Overview
Mouse BIRN (mBIRN) is a research and development effort funded by the National Center for Research Resources (NCRR) to produce an integrated framework for the collection, analysis, management, and visualization of diverse neuroscience data sets. It provides a test bed for the formulation of hardware, software, and protocols to produce a distributed adaptive database and multiscale, multimodality digital atlases of the mouse brain. These resrouces are used to share and mine multi-scale structural and functional data and integrate these with genomic and gene expression data. The goal is to create an infrastructure that can greatly enhance previously disparate data collections into a single system capable of quantitative visualization and linkage with previously disconnected knowledge bases.
Significance
mBIRN is acquiring complete volumetric coverage with magnetic resonance imaging (MR), cryosections, conventional histology, and gene expression from common specimens along with confocal light microscopy, and electron tomography from closely related specimens. This allows the neuroscientists studying the mouse models the ability to view the complex anatomy of the mouse brain in 3 dimensions at multiple scales for tissue and structure differentiation, along any arbitrary plane, and all from a single computer screen.

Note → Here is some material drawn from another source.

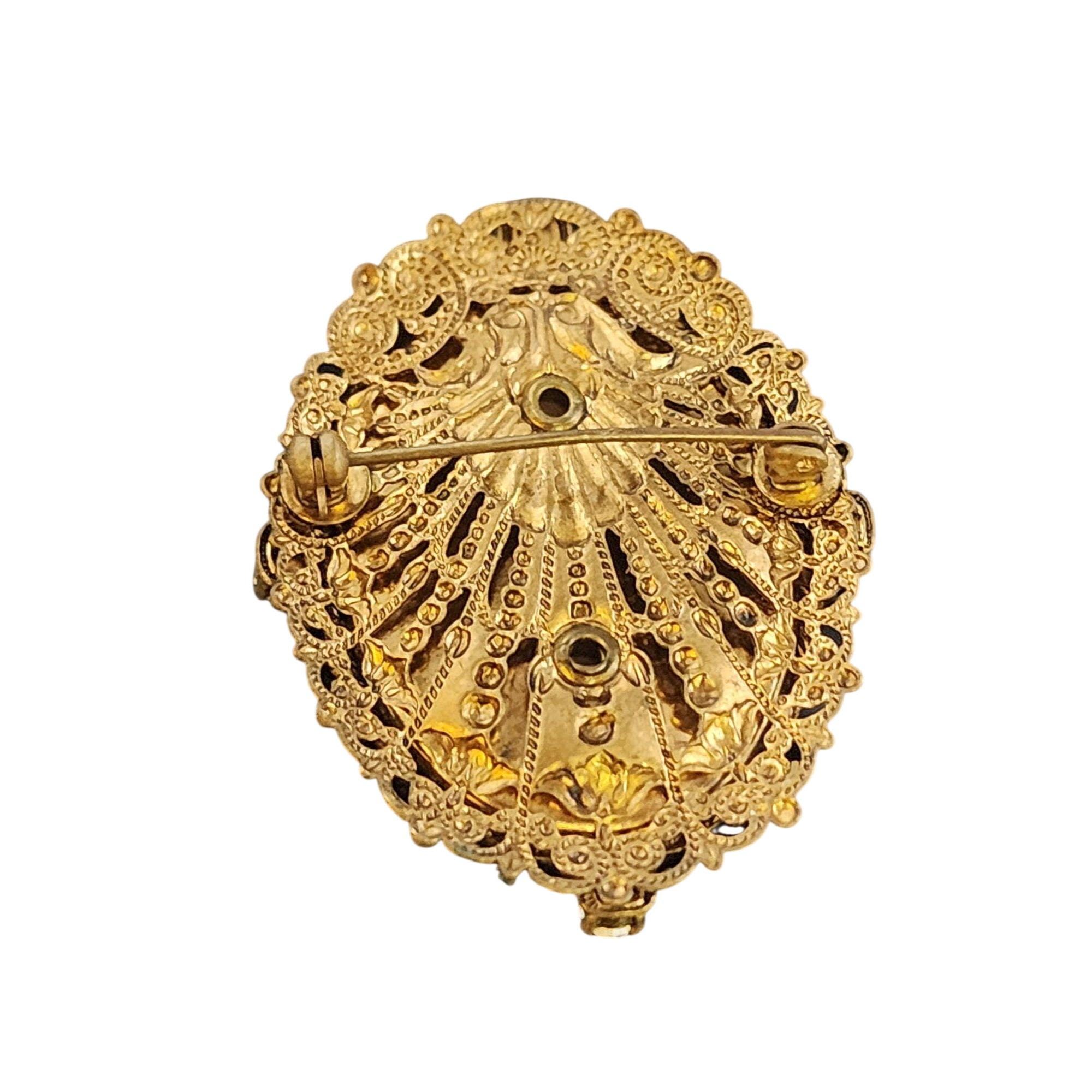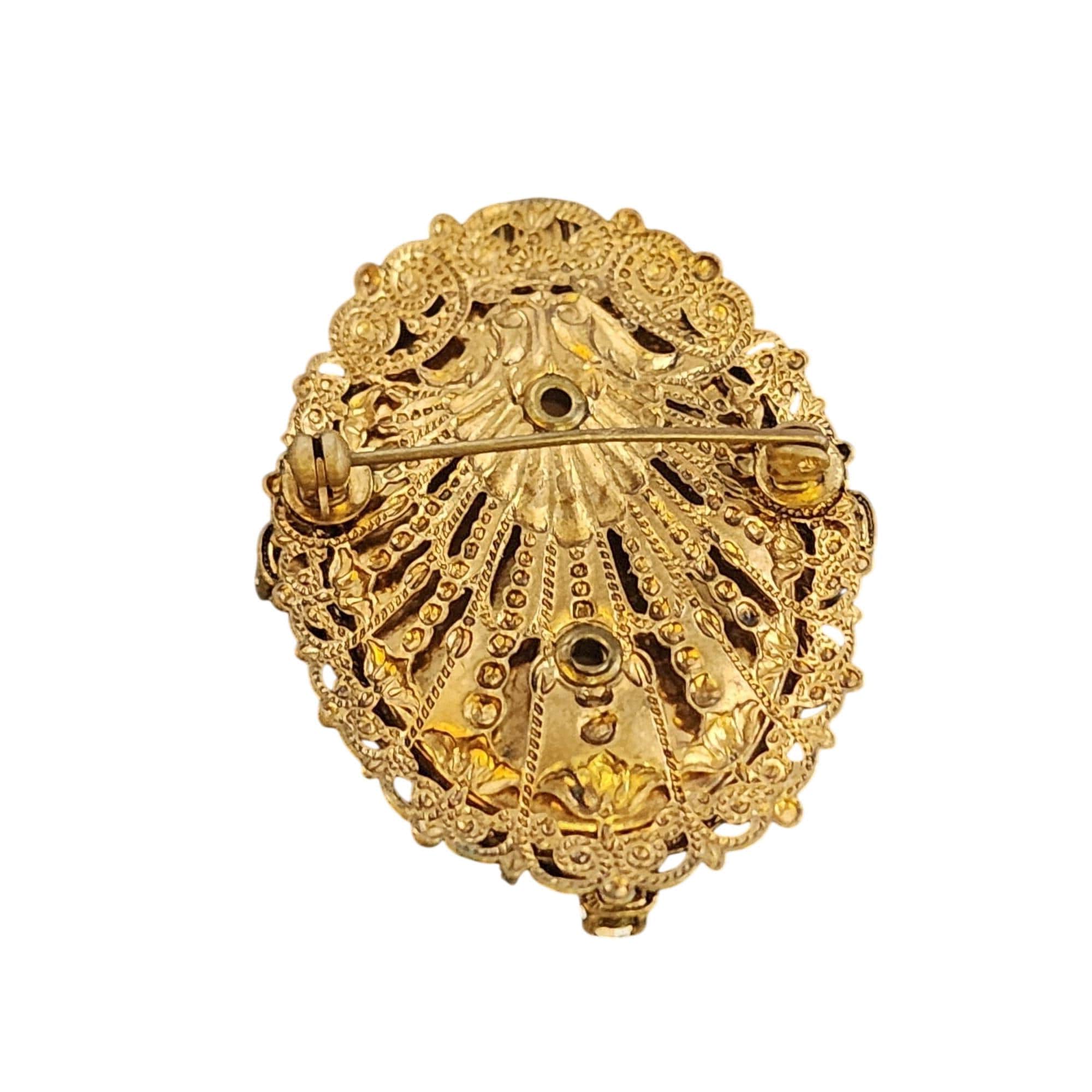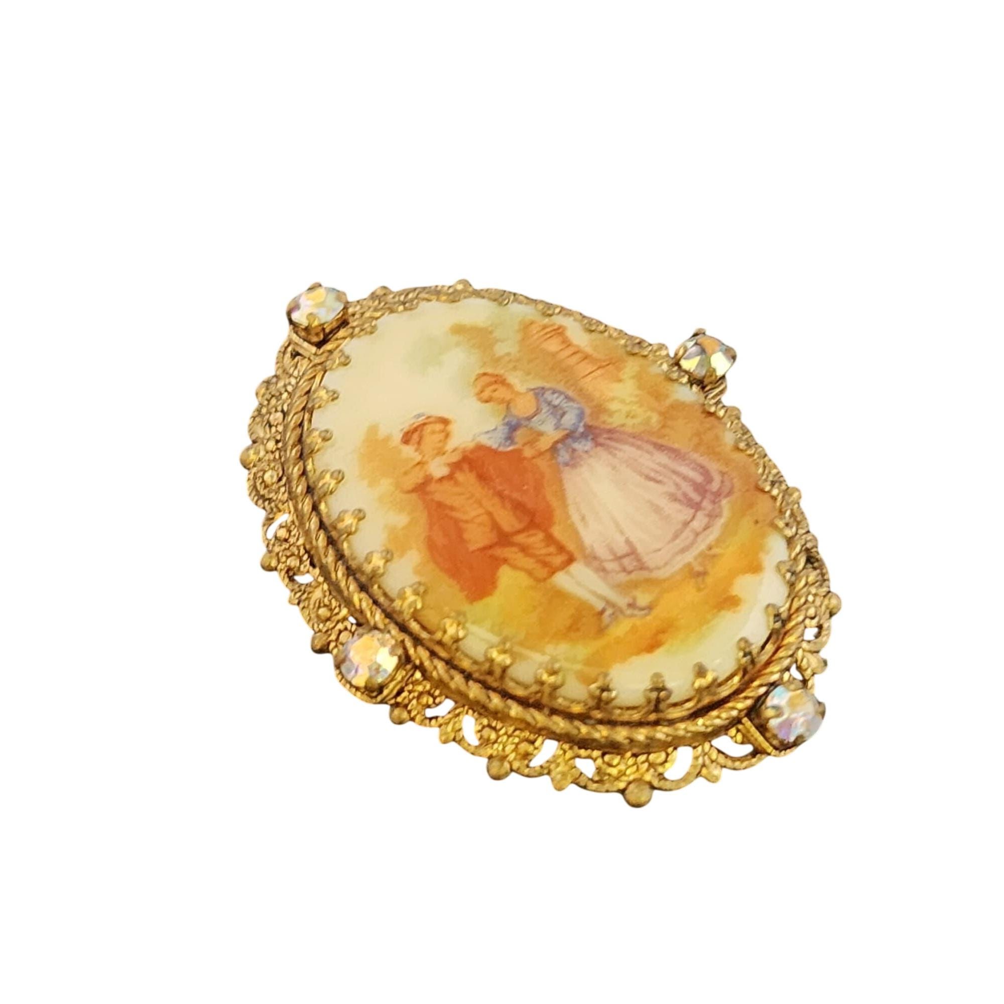West Germany Fragonard Porcelain Rhinestone Brooch (A5704)

Combining these techniques with well characterized mouse models, it becomes much easier to understand the disease mechanism and potential therapies. The development of MR microscopy in mouse models makes transition of imaging studies possible from mouse to human. mBIRN will complete the link making correlation possible between fundamental structural units (e.g., the dendritic spine), gene expression, traditional histology, magnetic resonance histology, and in vivo MR imaging. The products of mBIRN, including the initial data sets for these models, the tools for comparison, the infrastructure for sharing the data and the knowledge base, will all clearly be extensible to a much broader community as scientists seek to connect an exponentially increasing number of mouse models to human disease.